First Read: “There have been three big political stories this past week: 1) the developments in the GOP presidential race; 2) Weiner, which is finally over; and 3) the debate over the War Powers Act when it comes to the limited U.S. involvement in Libya. And as we’ve written before, this third story is more about the war between two branches of government (the executive vs. the legislative). Yet lost in the debate is this argument: The United States is a member of NATO, and this is a NATO-led operation. As such, the U.S. can’t simply pull out of NATO (we’re not Germany). Then again, is the White House on shaky legal ground when it comes to the War Powers Act? Consider this: It hasn’t asked the Justice Department’s Office of Legal Counsel to deliver an opinion on the matter since the operation has started and this debate heated up in Congress. Why? Perhaps the administration doesn’t want to know the answer?”

No Winner This Time

Joe Klein: “Some presidential campaigns — 1960, 1980, 1992, 2008 — are exhilarating, suffused with hope and excitement.
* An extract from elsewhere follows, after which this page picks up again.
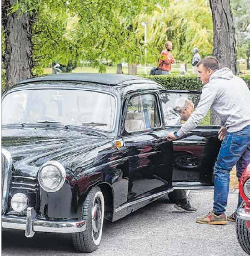
Kívül is, belül is meg lehetett nézni, milyen járgányokkal utaztak a múlt század első felében
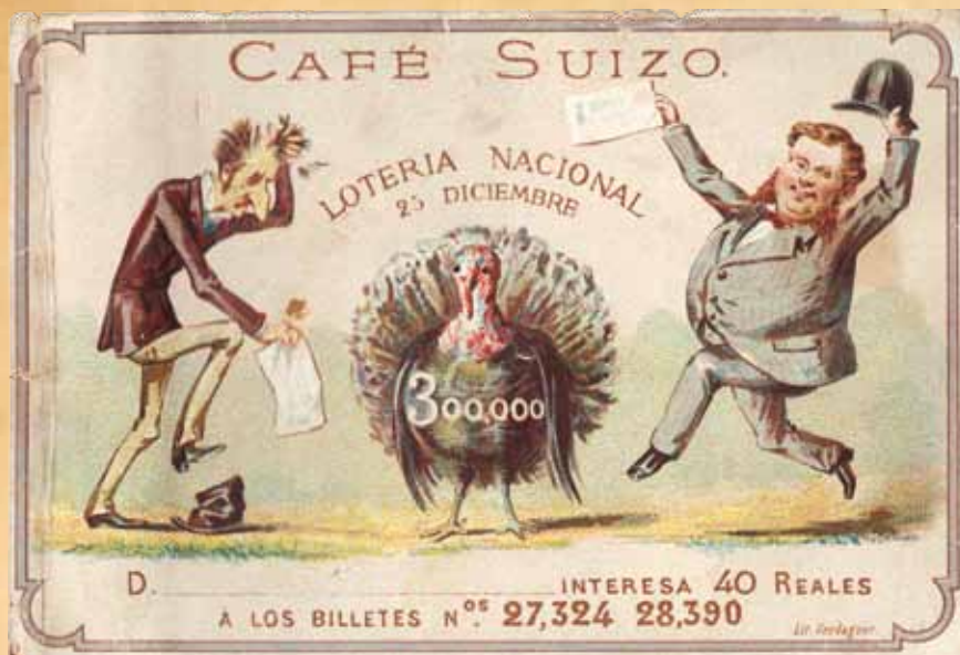
Participación de Lotería Nacional del Café Suizo para el sorteo de Navidad, finales del siglo XIX.

This is not likely to be one of those. It is likely to be an election that no one wins but someone loses. It will be a reversal of politics past: a pragmatic Democrat will be facing a Republican with all sorts of big ideas, promising an unregulated, laissez-faire American paradise.”

 

GOP Presidential Campaign Enters Next Phase

David Challian and Terence Burlij: “Pawlenty’s effort to make the rhetorical correction demonstrates two key dynamics at play. First, the pre-season is over. The Pawlenty campaign felt that the debate criticism would continue to hang over them as they race against the June 30 fundraising clock and that the narrative must be changed. The candidate and his advisers realized that they were beyond the point of letting some bad press slide or just hang out there, unaddressed.”

“The second dynamic at play is the launch of full and direct engagement between the candidates. The debate last Monday night was largely an anti-Obama affair. Many subsequent debates will have that as a theme as well, but you can be certain that when a moderator attempts to get two candidates to engage directly, there will be less caution on the part of the candidates to do so.”